Gaussian: \[ e^{-\frac{||\Delta||^2}{2}} \] Shift-invariant: x + z, y + z, delta remains, Radial basis function (RBF) kernel

The only thing that matters is the length of \(\Delta\)

Random Feature Map function of Gaussian: \[ \Phi(x) = \frac{1}{\sqrt{m}} (\sin(w_1^Tx),...\sin(w_m^Tx), \cos(w_1^Tx),...\cos(w_m^Tx)) \]

Bochner's Theorem

A continuous kernel \(k(x, y) = f(x − y)\) on \(\mathbb{R}^d\) is positive definite if and only if \(k(δ)\) is the Fourier transform of a non-negative measure. Here ignore the imaginery part \(\sin\).

\[ K: \mathbb{R}^d \times \mathbb{R}^d \to R \] \[ K(x,y) = f(x-y) = f(z) = \int_{\mathbb{R}^d}{p(w)cos(w^Tz)dw}=E_{w \sim \Omega}[cos(w^Tz)]\] where \(p\) is the probability distribution corresponding to \(k\)

Example, if \(K\) is Gaussian then \(\Omega = N(0, I_d)\)

Since we have the form of expectation, we run simulations or say [Monte Carlo] to estimate shift-invariant kernels.

  • choose your number of random samples
  • Sample \(w_1, ..., w_m \sim{iid} \Omega\)
  • Estimate: \(K(x,y)\) as \(\hat{K}(x,y)\)
  • \(\hat{K}(x,y)\): the mean of the sum, unbiased estimation of the original kernel.

\[ \hat{K}(x,y) = \frac{1}{m} \sum_{i=1}^{m}{cos(w_i^Tz)} = \frac{1}{m} \sum_{i=1}^m{X_i} \]

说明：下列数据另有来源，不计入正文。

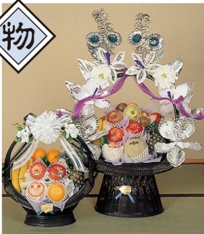
季節により果物の内容が変わります。 9 1籠 5,940 円 (税込)

  • \(X_i\) is iid and bounded, strong concentration results.
  • \(\hat{K}(x,y) = \phi(x)^T\phi(y)\) ? How we can disentangle \(x\) and \(y\) from \(z\)? cosine identities.

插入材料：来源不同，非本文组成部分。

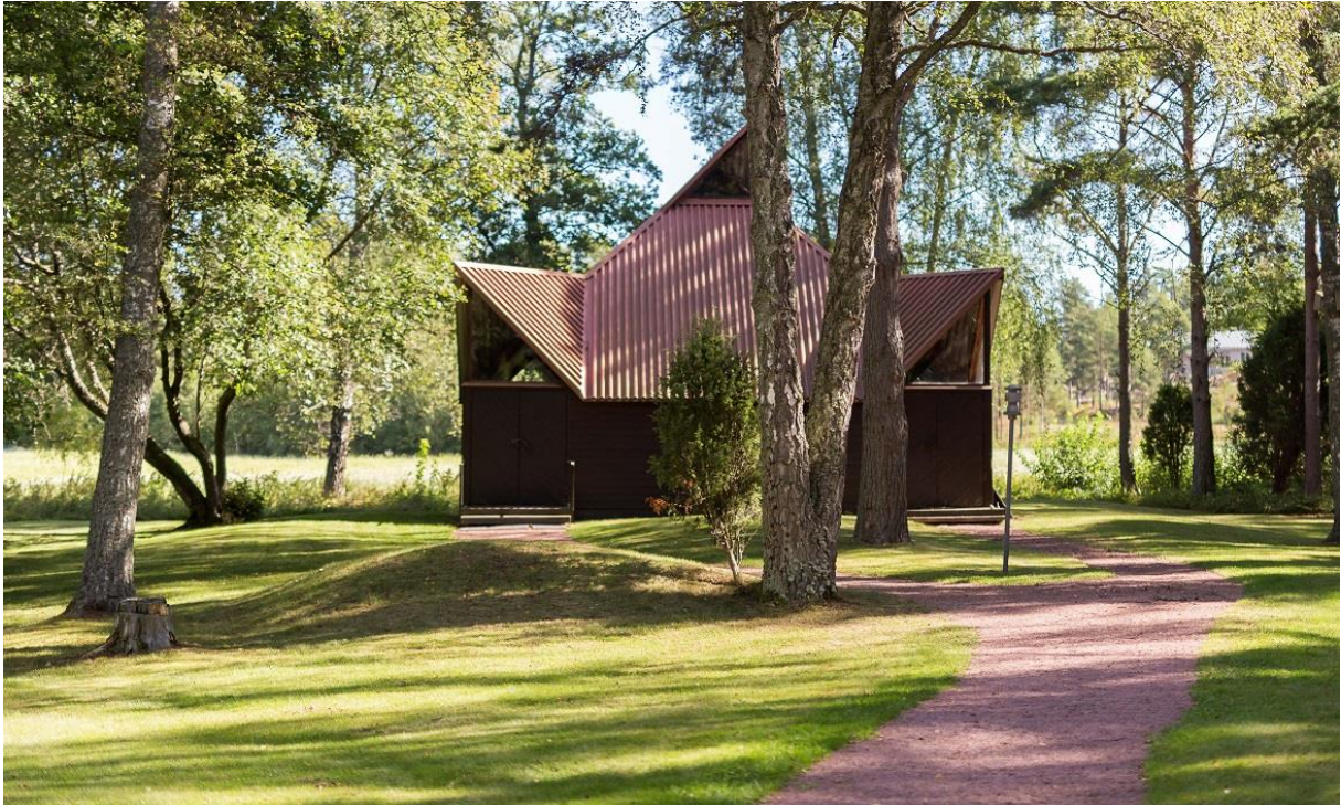
S:t Johannes kapell

\[ \hat{K}(x,y) = \frac{1}{m} \sum_{i=1}^{m}{cos(w_i^Tx - w_i^Ty)} \] \[ = \frac{1}{m} \sum_{i=1}^{m}{[cos(w_i^Tx)cos(w_i^Ty) + sin(w_i^Tx)sin(w_i^Ty)]} \]

  • Disentangled!

  • Define

\[ \phi(x) = \frac{1}{\sqrt{m}} \begin{bmatrix}\cos(w_1^Tx)\\...\\\cos(w_m^Tx)\\\sin(w_1^Tx)\\...\\\sin(w_m^Tx) \end{bmatrix} \] \[ \hat{K}(x,y) = \phi(x)^T\phi(y) \]

  • Now \(w\) can be distributions other than Gaussian: \(w_i \sim iid \Omega\)

Attention Model - Softmax kernel and random feature map

Sequence. We wanna find out similarity between embeddings(tokens) and how they attend to each other. We use kernels to calculate this attention.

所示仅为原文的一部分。